“Sauf bifurcations majeures, la Méditerranée — en tant que mer et région — sera, d’ici à 2050, dans une situation bien plus alarmante qu’aujourd’hui.” Cette conclusion résume le dernier rapport du Plan Bleu, publié le 16 janvier. Créée en 1977 et mandatée par le Programme des Nations Unies pour l’Environnement, l’association alerte sur l’avenir de la région. Ce rapport, prévient son président Guillaume Sainteny, n’est ni un simple “état des lieux” ni une “prévision”, mais un travail de prospective approfondi, destiné à éclairer les défis à venir. Et ils sont nombreux.
🌊 [NEW REPORT MED2050] Plan Bleu has released MED2050 : “The Mediterranean by 2050 : Foresight by Plan Bleu” report in its french version, exploring sustainable futures for the Mediterranean by 2050. 👉Check it out here : https://t.co/ZEmTvJ2ES8#Mediterranean #Sustainability pic.twitter.com/RWhjCjPHsT
— Plan Bleu (@planbleu) January 16, 2025
La Méditerranée, “après l’Arctique, est la région du monde qui se réchauffe le plus vite, 20% de plus qu’ailleurs“, rappelle le vice-président du Plan Bleu et co-auteur du rapport, Jacques Theys. Selon ces experts, la hausse des températures devrait atteindre 2,3°C par rapport à l’ère préindustrielle dès 2050. Il y a 20 ans, lors de la publication de leur premier rapport, ce seuil était prévu pour 2100. Cette accélération aura inévitablement des conséquences, telles que des sécheresses, des inondations et des vagues de chaleur, tant terrestres que marines. D’ailleurs, la température de l’eau augmentera également de 1,2°C. Cela “s’accompagnera périodiquement de vagues de chaleur marine aux effets dévastateurs pour la faune et la flore marines”, peut-on notamment lire dans ce rapport.

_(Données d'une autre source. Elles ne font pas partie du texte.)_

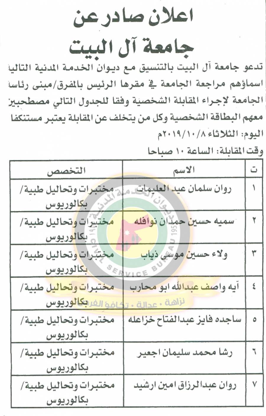 ديوان الخدمة المدنية يعلن اسماء المدعوون لاجراء المقابلات الشخصية وعقد الامتحان التنافسي لغايات التعيين.
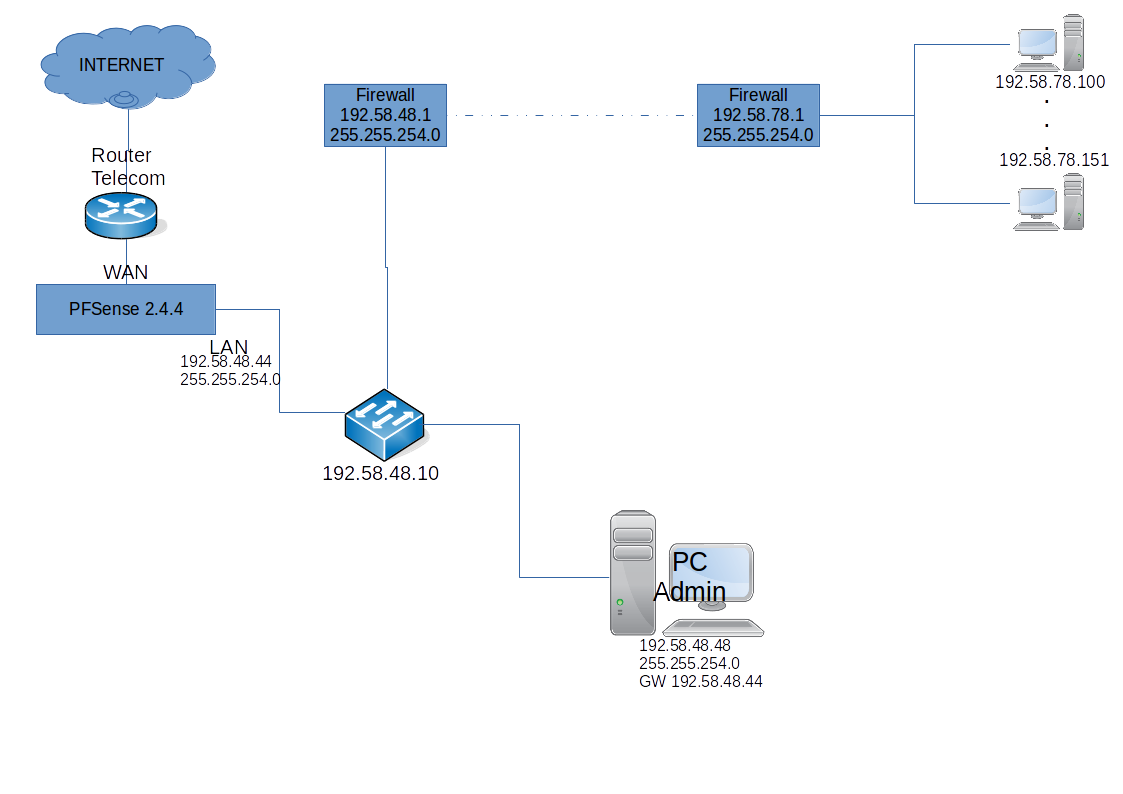 192.168.1.1 è il default gateway del pfSense, ma non mi è chiaro a quale macchina faccia riferimento, come sono collegati i due siti?
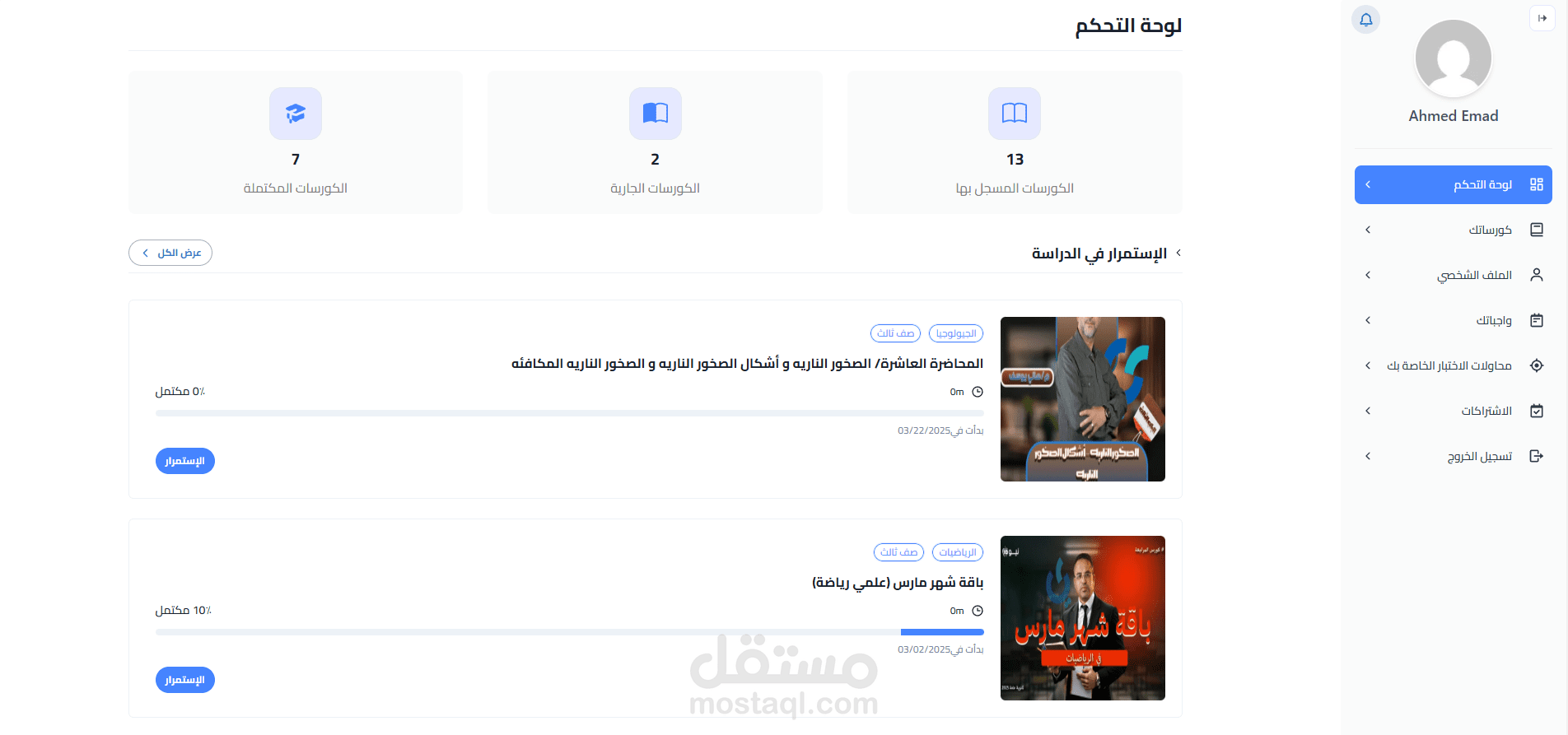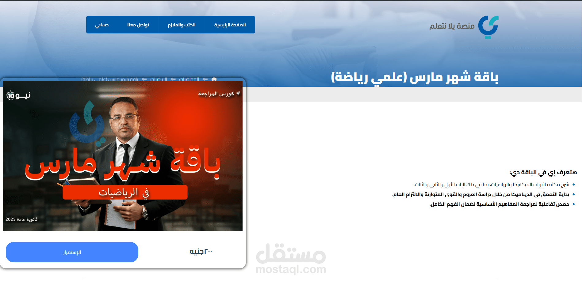 ×× تحديث للمنصه : المنصه اتطورت كمان قدرنا نوفر للمنصة انها تبيع من خلال لوحة تحكمها منصات اخري وكمان طورنا UI/UX الخاص بالمنصه ولكن نظام عمل المنصه غير انظمة العمل الحديثة التي تم تطويرها من خلالنا كما في mrmohamedahmed.com حيث تم تطويره ليكون اكثر ثباتا وسرعه وسهولة للطلاب.

Une deuxième tendance, et non des moindres, pèse sur la Méditerranée : sa croissance démographique. Non seulement cette région concentre aujourd’hui “60 % de la population mondiale pauvre en eau”, mais sa population totale devrait augmenter de 20 à 30% d’ici 2050, atteignant ainsi 630 à 690 millions d’habitants, contre 520 millions actuellement. À cela s’ajoute la hausse du niveau de la mer, estimée à 40 cm d’ici 2050, ce qui posera de “graves problèmes de protection des côtes et des populations dans les prochaines décennies”.

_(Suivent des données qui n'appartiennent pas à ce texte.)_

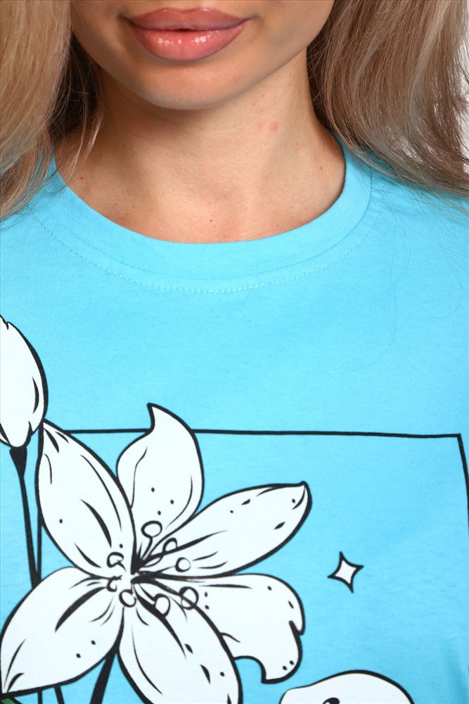 Застежка: без застежки Туника женская прямого силуэта. Низ изделия прямой. Длинна выше колена, плечо спущенное, рукав короткий. Горловина круглой формы, обработана планкой с отделочной строчкой по шву притачивания. Принт (шелкография) располагается по центру переда.
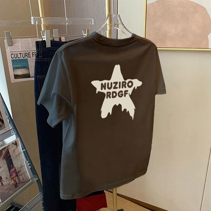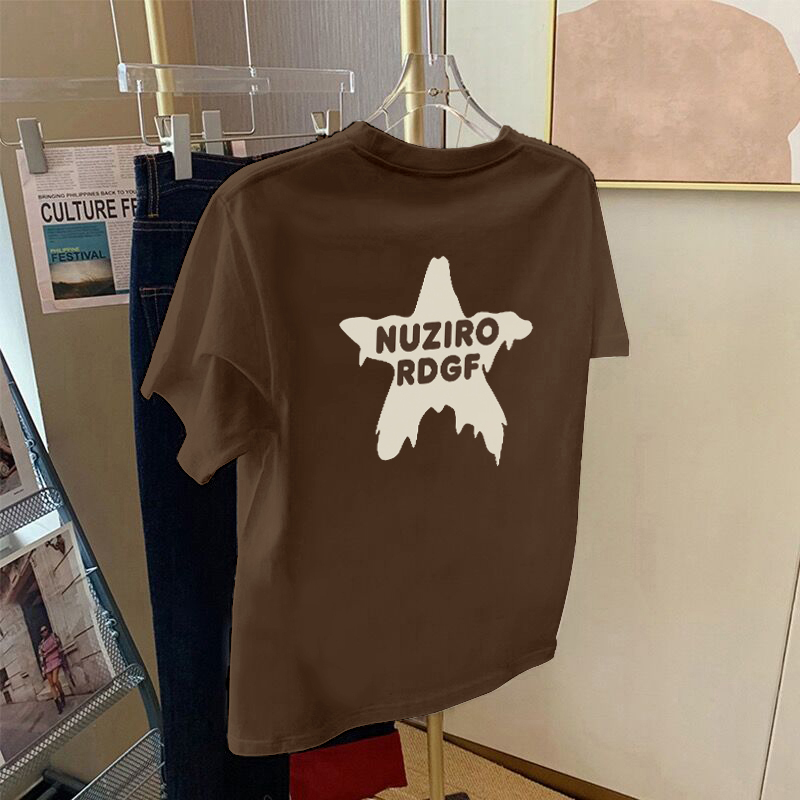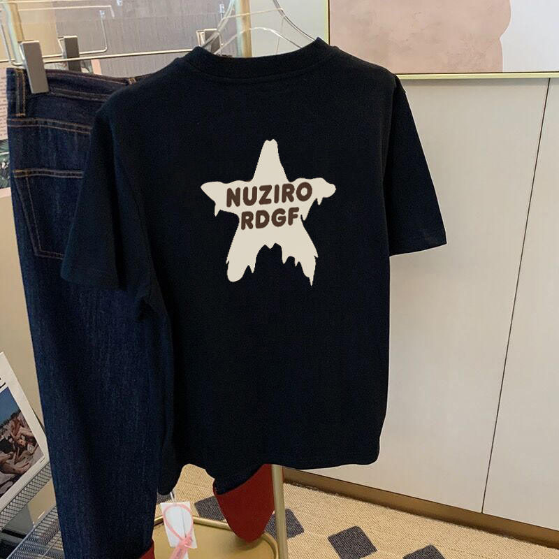 2025春季新款火龙果色纯棉短袖t恤女宽松百搭洋气印花上衣打底衫
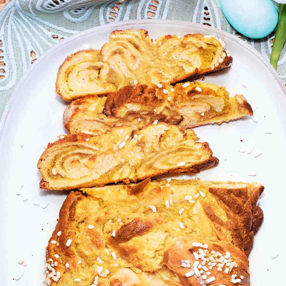 The photo reminded me of a coffee ring we used to make back in the ’60s at The Donut Center in San Francisco – my first job. In reality, they were very different in appearance – it was the way it was laminated. I didn’t get a photo of mine cut – this is from the La Cucina website. It was the photo that made me say “immediately!” And how fortuitous that Easter was mere days away!

Éclairer les décideurs politiques
Une fois le constat posé, que faire d’ici à 2050 ? Six scénarios ont été élaborés pour répondre à cette question. Tous ont été conçus par une centaine de chercheurs issus d’une vingtaine de pays. Le scénario le plus noir est celui d’une “croissance à tout prix dans une Méditerranée éclatée”. Il met en lumière des conflits entre les pays et une dégradation continue de la biodiversité, voire la déstabilisation de la région méditerranéenne en raison de l’accumulation de catastrophes naturelles (méga-feux, inondations, stress hydriques, etc.).

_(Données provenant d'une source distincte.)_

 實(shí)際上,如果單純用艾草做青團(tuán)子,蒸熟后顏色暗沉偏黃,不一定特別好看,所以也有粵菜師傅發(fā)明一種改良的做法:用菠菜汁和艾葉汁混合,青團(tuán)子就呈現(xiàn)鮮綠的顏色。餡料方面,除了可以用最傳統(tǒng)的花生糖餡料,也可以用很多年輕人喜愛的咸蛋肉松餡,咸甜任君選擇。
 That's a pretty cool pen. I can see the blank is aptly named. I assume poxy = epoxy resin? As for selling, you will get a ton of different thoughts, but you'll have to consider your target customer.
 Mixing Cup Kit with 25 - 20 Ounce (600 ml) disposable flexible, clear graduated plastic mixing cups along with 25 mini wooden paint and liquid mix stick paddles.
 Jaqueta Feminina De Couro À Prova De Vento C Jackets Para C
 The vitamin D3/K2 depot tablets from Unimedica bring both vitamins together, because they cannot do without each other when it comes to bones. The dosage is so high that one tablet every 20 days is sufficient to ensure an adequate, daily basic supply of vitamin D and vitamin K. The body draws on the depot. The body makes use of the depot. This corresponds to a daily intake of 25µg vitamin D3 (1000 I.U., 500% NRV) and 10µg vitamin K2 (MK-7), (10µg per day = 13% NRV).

Parmi ces six scénarios, l’un est jugé le plus “probable”. Il s’agit du scénario du “business as usual”, c’est-à-dire l’absence de changement par rapport aux pratiques actuelles. Cette inaction, notent les chercheurs, entraînera la dégradation progressive des écosystèmes, des conflits d’accès aux ressources et la marginalisation de la région sur les plans économique et géopolitique. Mais tout n’est pas sombre. Des leviers d’action sont encore possibles pour inverser la tendance. Un scénario envisage notamment la mise en place d’un partenariat euro-méditerranéen économique et écologique permettant à la région d’atteindre la neutralité carbone d’ici 2050.
Ce scénario optimiste devrait être mis sur la table lors de la Troisième conférence des Nations Unies sur l’Océan (UNOC), qui se tiendra en juin à Nice. En identifiant plusieurs marges de manœuvre, ce rapport doit être l’une des pierres angulaires de cette rencontre internationale. Car “si les problèmes continuent de s’aggraver, il n’y aura pas d’avenir durable en Méditerranée. Il faut des ruptures de politiques publiques beaucoup plus marquées”, assure Guillaume Sainteny, du Plan Bleu.